WAG Q3 call speaks to Boots alliance; many U.K. programs can be replicated in U.S.

DEERFIELD, Ill. — The days of Walgreens quarterly conference calls focusing primarily on lost prescriptions from the Express Scripts pharmacy network soon may be over with the retail pharmacy's announcement early Tuesday morning that Walgreens and the U.K. pharmacy operation Alliance Boots would merge.

One is not in reaction to the other, however. "It would be very naïve to assume this [Boots transaction] is in response to [ESI]," Wade Miquelon, Walgreens EVP and CFO, told analysts in Walgreens's conference call to discuss third-qaurter results. "I find it almost silly to believe this [merger] responsive," Miquelon added, noting that the Walgreens-Boots alliance has been on the negotiating table now for more than a year.

The merger also will not impact near-term domestic initiatives, Miquelon said. "This merger will allow us to not only drive those [initiatives] but accelerate [them]," he said.  Walgreens and Boots will be exploring ways to parlay core competencies from one country to the other in the months ahead. One of those competencies mentioned on the quarterly conference call was Boots Opticians, a U.K. eye care retailer with around 625 locations, which could catapult Walgreens into the retail eye care business. Another core competency coming out of Boots would be its loyalty card program. That program boasts two-thirds of all English women as members, Miquelon noted. "It's also very emotive," he said. "That is where we can really learn as we draw the lines as to where we're going [with] 'Well.'"

Back stateside, Walgreens third-quarter sales decreased 3.4% from the prior-year quarter to $17.8 billion, while sales for the first nine months increased 0.6% to $54.6 billion. Front-end comparable-store sales decreased 0.9% in the third quarter, customer traffic in comparable stores decreased 2.6% and basket size increased 1.7%, while total sales in comparable stores decreased 6.6%.

Prescription sales, which accounted for 62.9% of sales in the quarter, decreased 6.6%, while prescription sales in comparable stores decreased 9.9%. The company filled 192 million prescriptions in the quarter, a decrease of 8.4% over last year’s third quarter. Prescriptions filled in comparable stores decreased 9.1% in the quarter.

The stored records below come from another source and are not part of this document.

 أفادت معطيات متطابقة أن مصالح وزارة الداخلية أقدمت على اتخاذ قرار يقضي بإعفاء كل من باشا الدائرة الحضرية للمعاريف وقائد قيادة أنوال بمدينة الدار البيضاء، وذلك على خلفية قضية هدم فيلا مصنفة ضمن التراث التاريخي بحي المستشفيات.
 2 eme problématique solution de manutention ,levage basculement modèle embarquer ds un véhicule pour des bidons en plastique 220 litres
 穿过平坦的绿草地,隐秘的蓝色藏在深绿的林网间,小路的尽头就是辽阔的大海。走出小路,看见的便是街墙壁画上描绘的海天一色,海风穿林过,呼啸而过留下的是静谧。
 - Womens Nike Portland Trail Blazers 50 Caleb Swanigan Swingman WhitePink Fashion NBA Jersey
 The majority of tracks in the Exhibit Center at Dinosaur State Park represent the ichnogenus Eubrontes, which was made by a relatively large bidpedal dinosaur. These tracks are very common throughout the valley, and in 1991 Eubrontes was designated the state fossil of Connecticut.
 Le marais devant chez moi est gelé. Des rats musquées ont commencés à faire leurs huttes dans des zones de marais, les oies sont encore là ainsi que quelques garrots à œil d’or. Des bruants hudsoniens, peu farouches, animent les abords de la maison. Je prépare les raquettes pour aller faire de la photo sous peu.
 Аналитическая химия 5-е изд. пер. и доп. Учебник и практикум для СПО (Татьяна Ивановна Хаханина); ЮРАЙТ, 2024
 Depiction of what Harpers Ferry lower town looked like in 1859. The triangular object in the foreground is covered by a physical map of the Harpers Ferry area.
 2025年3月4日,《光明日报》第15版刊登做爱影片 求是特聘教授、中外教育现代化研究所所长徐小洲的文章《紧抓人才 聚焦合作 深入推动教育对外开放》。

Redacting the negative impact of no longer being in the Express Scripts network would net a 1.6% uptick in same-store prescription sales, Miquelon told analysts Tuesday morning. Regarding the potential of lost Medco business with the merger of Medco into ESI, Miquelon reiterated, "As of now we continue to serve those customers." There is no indication that either party — ESI-Medco or Walgreens — will be revisiting those active contracts.

For the third quarter ended May 31, Walgreens posted net earnings of $537 million, a 10.8% decline. Net earnings per diluted share for the quarter decreased 4.9% to 62 cents, compared with 65 cents per diluted share in the year-ago quarter. Compared with the prior-year’s quarter, the impact of no longer being part of the Express Scripts pharmacy provider network as of Jan. 1, 2012, was 6 cents per diluted share net of cost controls.

The Alliance merger also negatively impacted net earnings in the quarter by 1 cent per diluted share.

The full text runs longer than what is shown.